Database Restricted Access
VinDr-SpineXR: A large annotated medical image dataset for spinal lesions detection and classification from radiographs
Published: Aug. 24, 2021. Version: 1.0.0
When using this resource, please cite:
(show more options)
Pham, H. H., Nguyen Trung, H., & Nguyen, H. Q. (2021). VinDr-SpineXR: A large annotated medical image dataset for spinal lesions detection and classification from radiographs (version 1.0.0). PhysioNet. https://doi.org/10.13026/q45h-5h59.
Hieu T Nguyen, Hieu H Pham, Nghia T Nguyen, Ha Q Nguyen, Thang Q Huynh, Minh Dao, Van Vu. "VinDr-SpineXR: A deep learning framework for spinal lesions detection and classification from radiographs" - International Conference on Medical Image Computing and Computer Assisted Intervention (MICCAI), 2021.
Please include the standard citation for PhysioNet:
(show more options)
Goldberger, A., Amaral, L., Glass, L., Hausdorff, J., Ivanov, P. C., Mark, R., ... & Stanley, H. E. (2000). PhysioBank, PhysioToolkit, and PhysioNet: Components of a new research resource for complex physiologic signals. Circulation [Online]. 101 (23), pp. e215–e220.

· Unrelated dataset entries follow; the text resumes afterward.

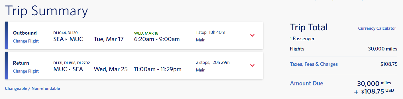 Seattle (SEA) to Munich, Germany (MUR) for 30,000 miles + $109 in taxes and fees round-trip in economy: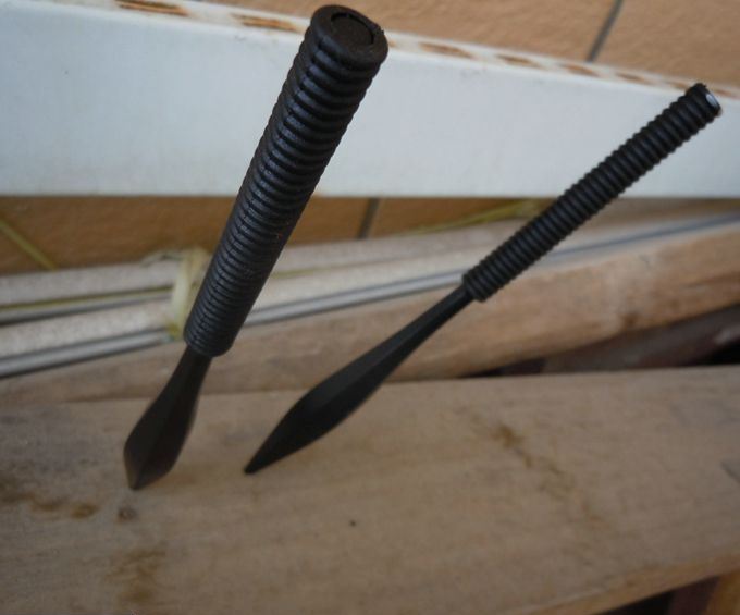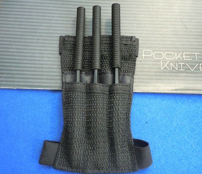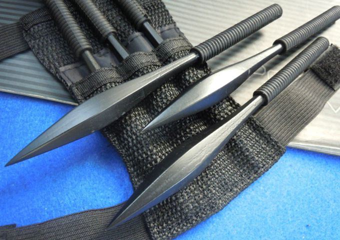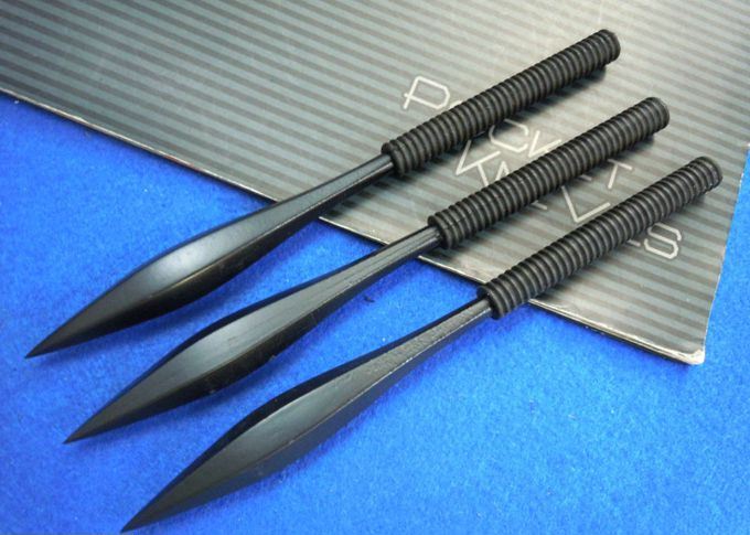 忍者手裹飞镖 全长:15.5cm 刃厚:1.3cm 刃宽:1.5cm(最宽) 刃长:9cm 表面:发黑 材料:440 柄长:6.5cm 柄材:一体式 毛重:165g(含包装) 包装:尼龙套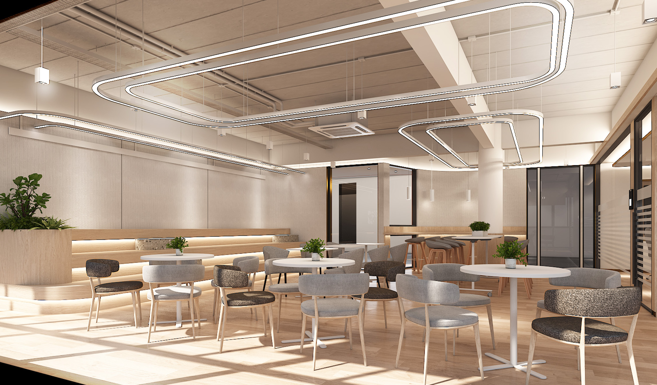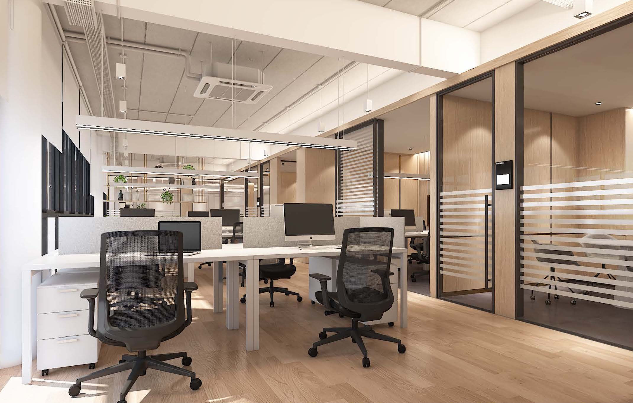 Overall, the design emphasises clean lines, natural materials, and innovative lighting, creating an inspiring environment for productivity and creativity.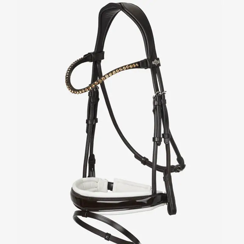 Online onlyHet LeMieux Hoofdstel Kudos Patent Dressage Bruin/Wit is vervaardigd uit zacht Europees kwaliteit leer. Het hoofdstel is voorzien van een anatomisch gevormd kopstuk met zacht gevoerde uitsparing rond de oren en nek om te helpen bij de verdeling van de druk, voor optimaal comfort. De frontriem is afgewerkt met kristal steentjes. Dit in combinatie met de bruine lak neusriem draagt zorg voor een unique uitstraling.

Radiographs are used as the most critical imaging tool for identifying spine anomalies in clinical practice . The evaluation of spinal bone lesions, however, is a challenging task for radiologists. To the best of our knowledge, no existing studies are devoted to developing and evaluating a comprehensive system for classifying and localizing multiple spine lesions from X-ray scans. The lack of large-scale spine X-ray datasets with high-quality images and human expert annotations is the key obstacle. To fill this gap, we introduce a large-scale annotated medical image dataset for spinal lesion detection and classification from radiographs. The dataset, called VinDr-SpineXR, contains 10,466 spine X-ray images from 5,000 studies, each of which is manually annotated with 13 types of abnormalities by an experienced radiologist with bounding boxes around abnormal findings. This is the largest dataset to date that provides radiologist's bounding-box annotations for developing supervised-learning algorithms for spine X-ray analysis.

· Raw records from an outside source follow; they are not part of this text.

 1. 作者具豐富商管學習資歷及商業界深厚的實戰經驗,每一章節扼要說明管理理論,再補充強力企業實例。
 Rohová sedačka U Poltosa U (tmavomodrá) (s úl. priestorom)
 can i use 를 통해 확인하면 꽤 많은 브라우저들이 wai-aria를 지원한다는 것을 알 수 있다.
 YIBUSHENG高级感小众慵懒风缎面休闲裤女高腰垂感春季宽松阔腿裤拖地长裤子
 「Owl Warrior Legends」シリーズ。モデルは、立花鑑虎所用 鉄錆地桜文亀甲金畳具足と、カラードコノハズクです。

Spinal-related conditions account for the central portion of the overall burden of musculoskeletal conditions . The most simple and accessible modality, conventional radiograph, still plays an essential role in studying spinal disorders despite the rapid development of advanced imaging techniques such as MRI and CT . It has been the primary tool widely used to identify and monitor various spine abnormalities such as fractures, osteophytes, thinning of the bones, vertebral collapse, or tumors. The interpretation of spine X-ray images requires an in-depth understanding of diagnostic radiography, in which large variability in the number, size, and general appearance of spine lesions makes this a complex and time-consuming task. These factors could lead to the risk of missing significant findings, resulting in severe consequences for patients and clinicians.

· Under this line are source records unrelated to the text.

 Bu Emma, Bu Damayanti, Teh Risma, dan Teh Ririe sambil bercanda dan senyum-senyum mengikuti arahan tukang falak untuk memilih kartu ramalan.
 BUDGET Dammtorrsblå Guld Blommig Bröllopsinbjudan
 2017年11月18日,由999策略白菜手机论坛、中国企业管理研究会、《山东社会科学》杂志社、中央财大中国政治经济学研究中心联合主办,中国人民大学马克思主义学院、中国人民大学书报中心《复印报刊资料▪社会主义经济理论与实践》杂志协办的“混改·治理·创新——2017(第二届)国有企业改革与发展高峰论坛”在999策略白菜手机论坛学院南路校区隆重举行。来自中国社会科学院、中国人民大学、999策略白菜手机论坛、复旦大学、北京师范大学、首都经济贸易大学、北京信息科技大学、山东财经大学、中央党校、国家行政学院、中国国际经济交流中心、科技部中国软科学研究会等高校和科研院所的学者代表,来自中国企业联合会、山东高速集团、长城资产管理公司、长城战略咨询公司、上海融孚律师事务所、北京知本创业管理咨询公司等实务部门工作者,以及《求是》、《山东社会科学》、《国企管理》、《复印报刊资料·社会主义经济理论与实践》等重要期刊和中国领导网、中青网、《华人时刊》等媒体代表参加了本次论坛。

Currently, deep convolutional networks (CNNs) [4, 5] have shown significant improvements in the musculoskeletal analysis from X-rays. Most of these studies focus on automated fracture detection and localization [6, 7, 8, 9, 10]. To the best of our knowledge, no existing studies are devoted to developing and evaluating a comprehensive system for classifying and localizing multiple spine lesions from X-ray scans. The lack of large datasets with high-quality images and human experts' annotations is the key obstacle. To tackle this challenge, we focus on creating a significant benchmark dataset of spine X-rays that are manually annotated at the lesion level by experienced radiologists. Since deep learning methods are very limited in giving explanations for their predicted results, this dataset aims to provide the details of spine anomalies, i.e., their exact locations, so that the resulting deep learning models can support the radiologists by spotting pathologies in the image instead of just providing disease conclusions. In total, the dataset provides 10,466 spine X-ray images from 5,000 studies (sometimes referred to as exams or procedures) that are manually annotated with 13 types of abnormalities by radiologists. To the best of our knowledge, this is the largest dataset to date that provides radiologist's bounding-box annotations for developing supervised-learning object detection algorithms. Table 1 below provides a summary of publicly available musculoskeletal X-ray datasets and a comparison with our dataset.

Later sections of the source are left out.